Title: The Tale of the Ramble On: a futuristic ghost story
Fandom: none, though there's a heavy Firefly influence
Rating: PG I s'pose
Notes: this is what comes from binging on Firefly. Well, this and an urge to talk in their parlance and swear in Chinese. ^_^
Also: if you have the song (
Ramble On by Led Zeppelin), listen to it when reading this (it adds a whole other dimension!). :D if not, you can download it from the above link (WMA format @ mediafire)
A couple centuries in the future, they have a tale that gets told by old spacemen who’ve been out in the black maybe a bit too long. They say there’s a ship, a drifter, ‘round near the Cygni 5 belt that’s been abandoned for decades, a relic of the early days of space pioneering. Like any good ghost story, they say it has a tragic past.
Now I s'pose you'd be wanting to hear about this ship? Well, gimme a minute to settle down and get a drink. Let's see if I remember how it goes...
The ship set out from the old spaceyards of Delphi in the fall of ’83 (that’s 2183, to be exact) in a spirit of new discovery. In nostalgia for some of the culture of old earth, they named her after a song that had been popular some 200 years before-a song that had been written about a book, actually, one of the great Earth classics. The Ramble On, so the story goes, left Delphi with a cargo of supplies for the more remote moons and a host of passengers. This is the part where I’m supposed to say something like "and they were never heard from again," but that wasn’t the case. The Ramble On served a good eleven years of service, moving stuff from one end of the system to the other. Weren’t many willing to make the trip in those days, so folks came to depend on her and her crew for medicines and equipment and anything they couldn’t fashion or grow themselves. The crew had a joke, a gimmick: their signature move was, when they got into atmo, to start blasting that song-the one they were named for-from external speakers and on all radio frequencies, to let people know they’d arrived. The sound would carry for miles, and everyone knew the ship had come in.

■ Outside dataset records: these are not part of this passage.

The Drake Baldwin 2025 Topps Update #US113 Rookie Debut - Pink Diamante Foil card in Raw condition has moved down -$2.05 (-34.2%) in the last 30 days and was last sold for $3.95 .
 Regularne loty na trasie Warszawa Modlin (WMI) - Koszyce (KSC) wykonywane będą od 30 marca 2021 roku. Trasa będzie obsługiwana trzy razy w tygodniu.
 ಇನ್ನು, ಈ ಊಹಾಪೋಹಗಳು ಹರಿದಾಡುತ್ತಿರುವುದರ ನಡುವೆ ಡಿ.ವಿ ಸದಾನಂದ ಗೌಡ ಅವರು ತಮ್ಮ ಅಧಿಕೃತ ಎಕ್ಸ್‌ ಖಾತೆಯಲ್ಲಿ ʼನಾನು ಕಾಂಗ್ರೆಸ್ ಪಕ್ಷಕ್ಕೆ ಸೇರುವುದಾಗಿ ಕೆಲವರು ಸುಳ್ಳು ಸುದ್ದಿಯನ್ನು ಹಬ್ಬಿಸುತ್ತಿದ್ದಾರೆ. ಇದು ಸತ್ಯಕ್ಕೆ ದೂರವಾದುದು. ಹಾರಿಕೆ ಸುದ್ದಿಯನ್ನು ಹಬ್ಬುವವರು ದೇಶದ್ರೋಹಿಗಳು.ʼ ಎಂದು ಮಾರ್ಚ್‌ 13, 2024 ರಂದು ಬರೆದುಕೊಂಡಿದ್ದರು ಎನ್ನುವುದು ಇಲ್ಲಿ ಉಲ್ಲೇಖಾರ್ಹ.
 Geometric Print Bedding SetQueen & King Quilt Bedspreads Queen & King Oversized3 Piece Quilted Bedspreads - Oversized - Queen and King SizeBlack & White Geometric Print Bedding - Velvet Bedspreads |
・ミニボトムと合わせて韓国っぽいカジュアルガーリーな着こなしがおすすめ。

Toward the end of her first decade of service, however, the crew of the Ramble On started reporting problems with the ship, phantom bugs and glitches in the equipment that no mechanic could ever pinpoint. Still, the ship carried out her duties as long as she could fly; people depended on the supplies she ferried and the crew wouldn’t let ‘em down.
But one day, they were late to an arranged drop, and no one had heard from the Ramble On in weeks. The ship never did show up. Search parties were sent out, of course, but nothing ever turned up; the only clue was an unverified report from a scavenger crew about a ship matching the description of the Ramble On, completely empty and all pods ejected. They said they found it by following this “eerie-ass music” they’d picked up from their equipment. There was no word as to where they’d found said relic, of course. Scavengers are notoriously tight-lipped about their finds.

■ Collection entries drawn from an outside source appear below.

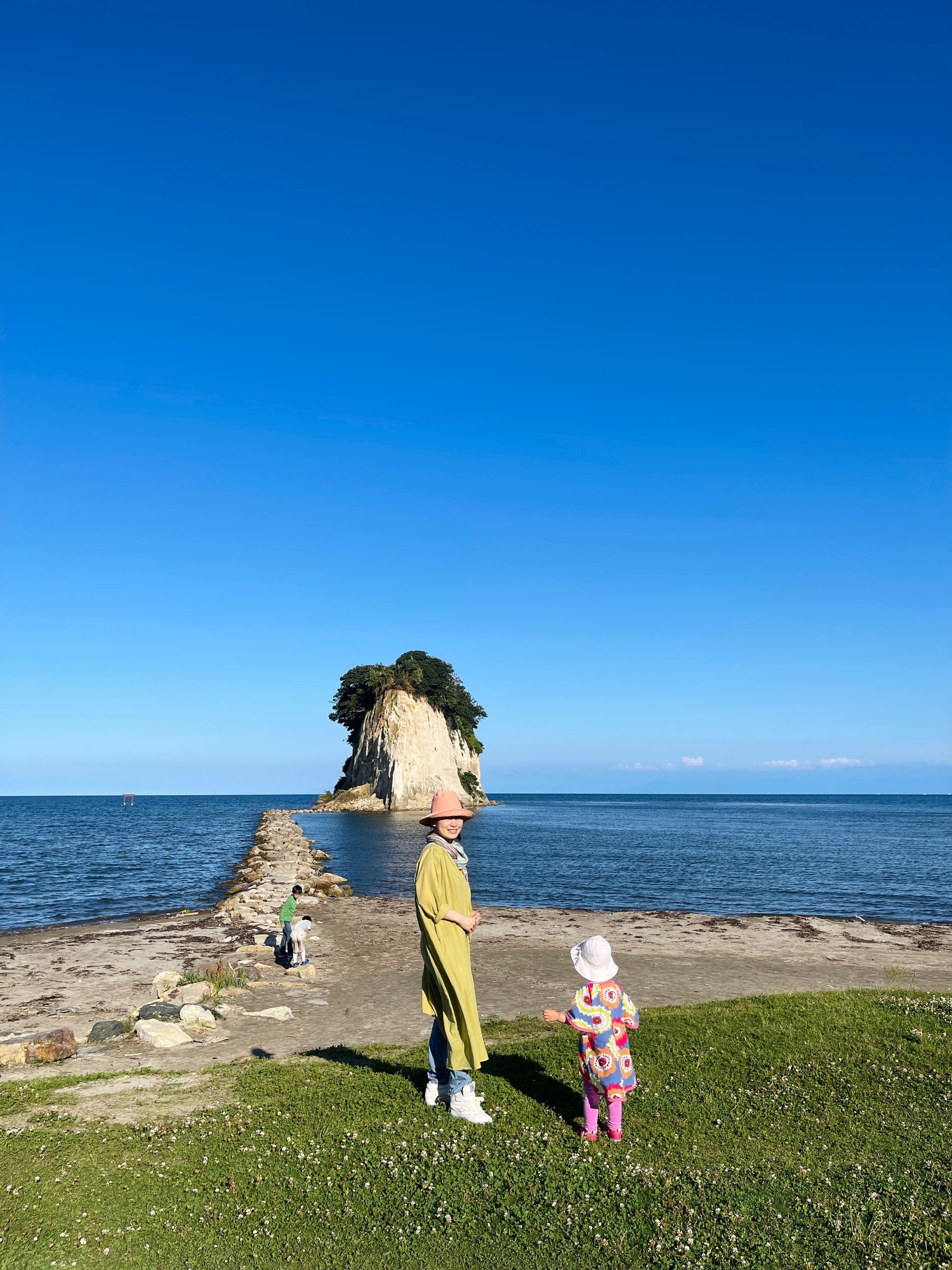 金沢へ帰る前に、大きく崩れた見附島へ行きました。しばし、青い空と海を前にして、子どもたちは大はしゃぎ☺️こんなに素敵な場所をずっと後世に繋げていけますように…これからのシーズンは綺麗な珠洲の海へぜひ遊びにきてくださいね。それでは、また~👋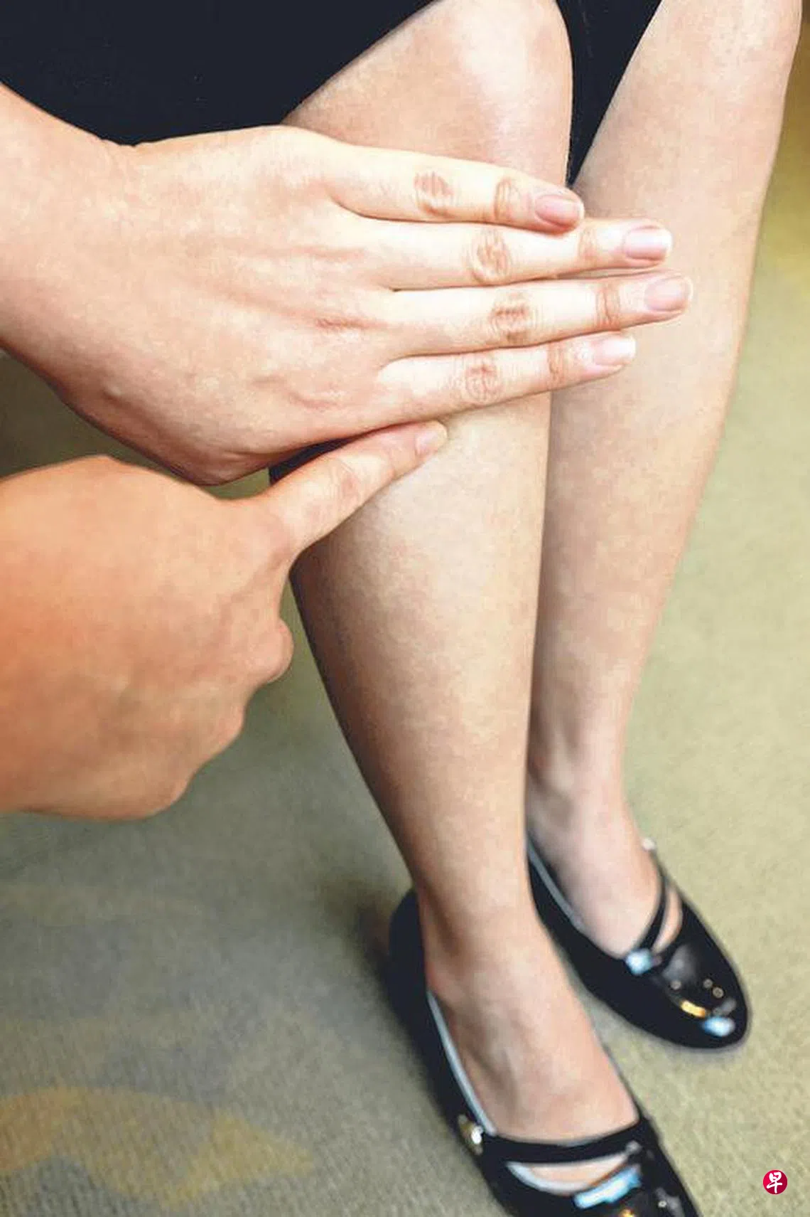 按揉方法:用指腹按压小腿外侧的足三里穴5至10秒,反复放松、按压,2至3分钟。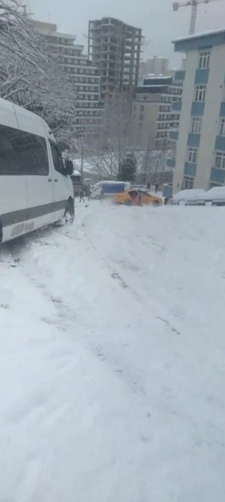 Kağıthane'de, geçtiğimiz günlerde etkili olan kar yağışıyla beraber buzlanan rampada kayan taksideki müşteri, araçtan atladı. Paniğe kapılan yolcunun araçtan atlaması ve taksinin kayma anı cep telefonu kameralarına yansıdı.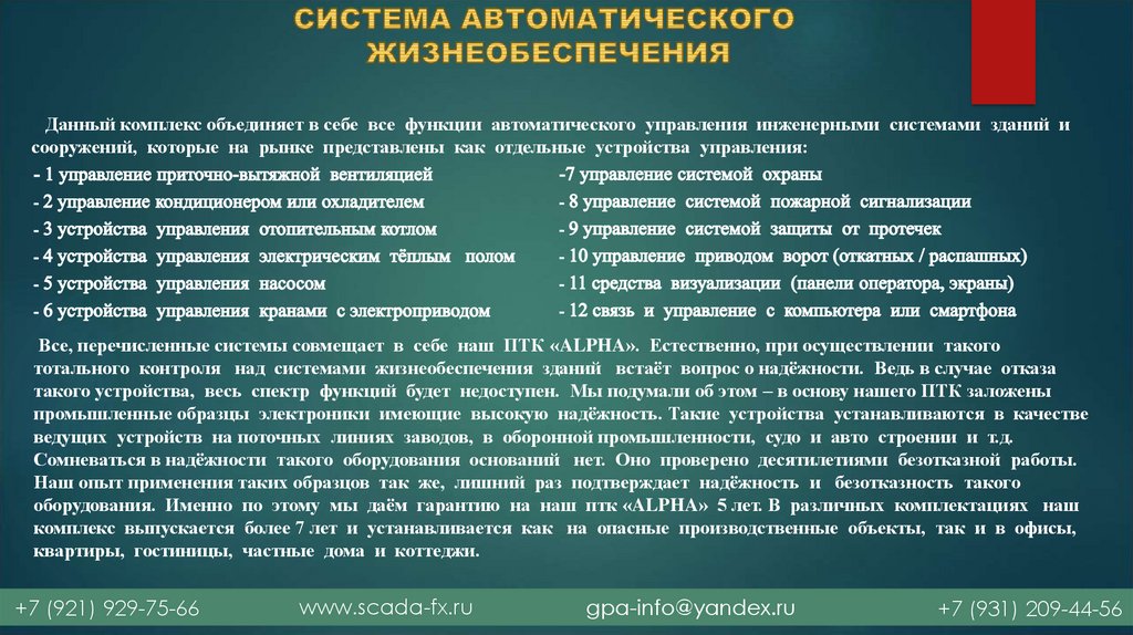Данный комплекс объединяет в себе все функции автоматического управления инженерными системами зданий исооружений, которые на рынке представлены как отдельные устройства управления:

And that’s the last anyone heard of the Ramble On for years, until the stories started coming in of a ship, a ghost ship out in the black, trundling back and forth in her deliveries. It’s said if you follow it a while, eventually it’ll disappear or lead you to destruction. Sometimes there’s no ship, just a tinny crackle over the radio of a long-forgotten song, a signal from nowhere in particular. Pilots go out of their way to avoid that section of space, sometimes adding parsecs and parsecs onto their travels.
I don’t blame them. It’s downright eerie. Yes, before you ask. I’ve heard it. Years and years ago, I had a captain who didn’t care about the stories and wanted to shave off some time on the way to one of Arcadia's moons. A fair number of the crew were spooked, but the captain didn’t listen. Sure enough, we started picking up a weak signal going through the Cygni 5 belt. They put it through the ship’s comm so everyone could hear it. This tinny little song playing all crackly over the speakers, echoing through the ship. I got goosebumps, let me tell you. The music slowly faded in for the better part of a quarter hour, then slowly, slowly faded out again, playing that blasted song over and over again. And then it was gone. I've never heard it again, but every so often when someone comes into port somewhere talkin' about ghost ships in the black and music from nowhere, I know the Ramble On is still out there, making her way through the stars with naught but that song to keep her company.